Augustine Thomas O'Donnell, Baron O'Donnell,  (born 1 October 1952) is a former British senior civil servant and economist, who between 2005 and 2011 (under three Prime Ministers) served as the Cabinet Secretary, the highest official in the British Civil Service.

O'Donnell announced after the 2010 General Election that he would step down within that Parliament and did so at the end of 2011. His post was then split into three positions: he was succeeded as Cabinet Secretary by Sir Jeremy Heywood, as Head of the Home Civil Service by Sir Bob Kerslake (in a part-time role), and as Permanent Secretary in the Cabinet Office by Ian Watmore. Whilst Cabinet Secretary, O'Donnell was regularly referred to within the Civil Service, and subsequently in the popular press, as GOD; this was mainly because of his initials.
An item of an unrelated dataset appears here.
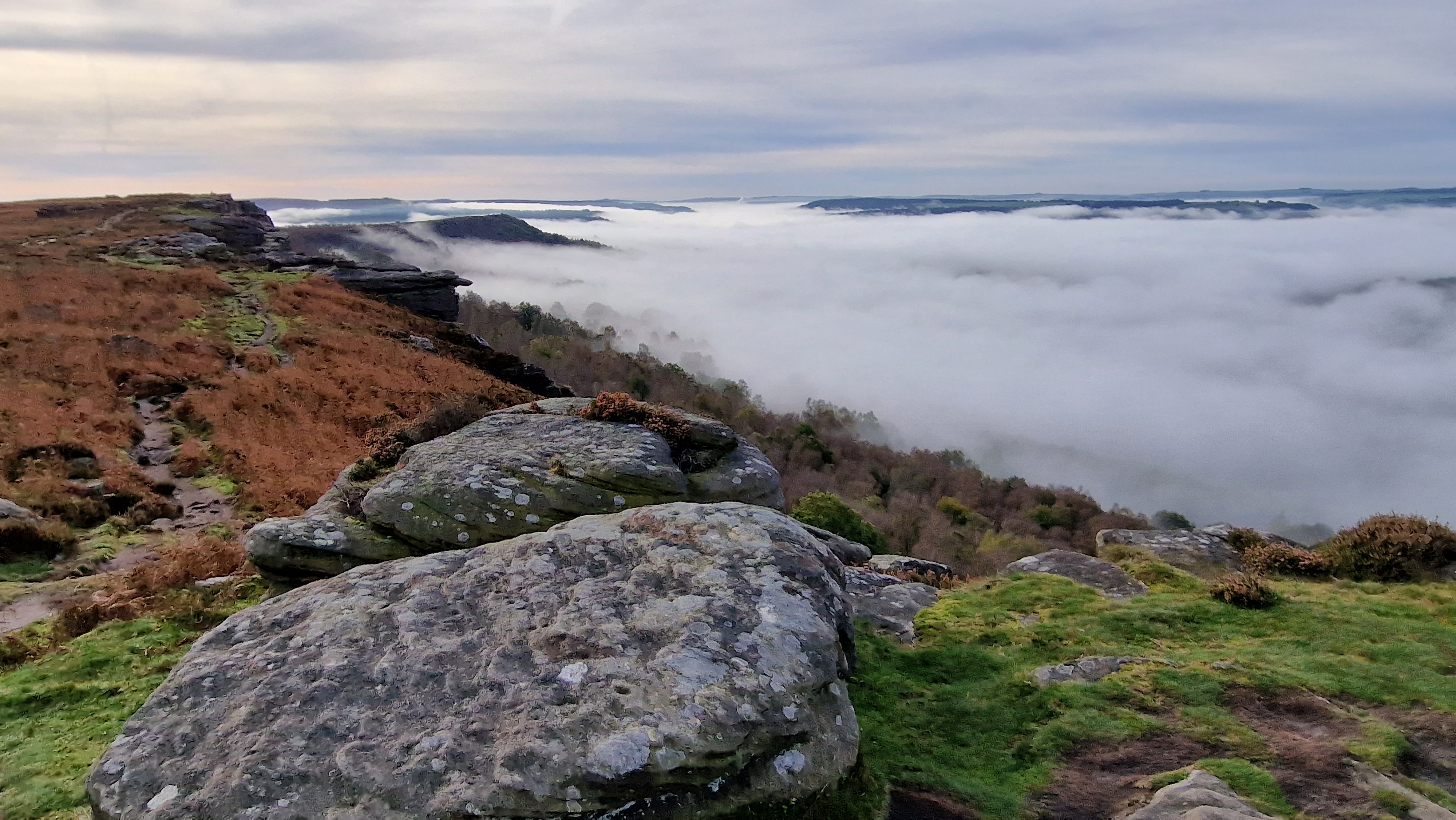8th November 2024 November has been a typical November with mist and little wind. Rather than attempting the full route, I parked at the Grouse Inn and walked along the edges. Because of the weather, I guess, there were few people out. It was still a great day, those that sat at home did not know what they missed.

In 2012, O'Donnell joined Frontier Economics as a senior advisor.

Background
O'Donnell was born and raised in south London. Educated at Salesian College, Battersea, he read Economics at the University of Warwick before taking his MPhil degree at Nuffield College, Oxford. He was a lecturer at the University of Glasgow in the Political Economy Department from 1975 until 1979, when he joined the Treasury as an economist.

In 1985, he joined the British Embassy in Washington, serving as the First Secretary of the Economics division for four years. In 1989 O'Donnell became press secretary for the Chancellor of the Exchequer before transferring next door to serve as press secretary to the prime minister from 1990 to 1994.

From 1997 to 1998, O'Donnell was the United Kingdom's Executive Director to both the International Monetary Fund and the World Bank, again in Washington, before returning to HM Treasury to serve as both Director of Macroeconomic Policy and Prospects and also Head of the Government Economics Service, with overall responsibility for the professional economists in Her Majesty's Government. A year later, in 1999, he was appointed Managing Director of Macroeconomic Policy and International Finance, with responsibility for Fiscal Policy, International Development, and European Union Economic and Monetary Union.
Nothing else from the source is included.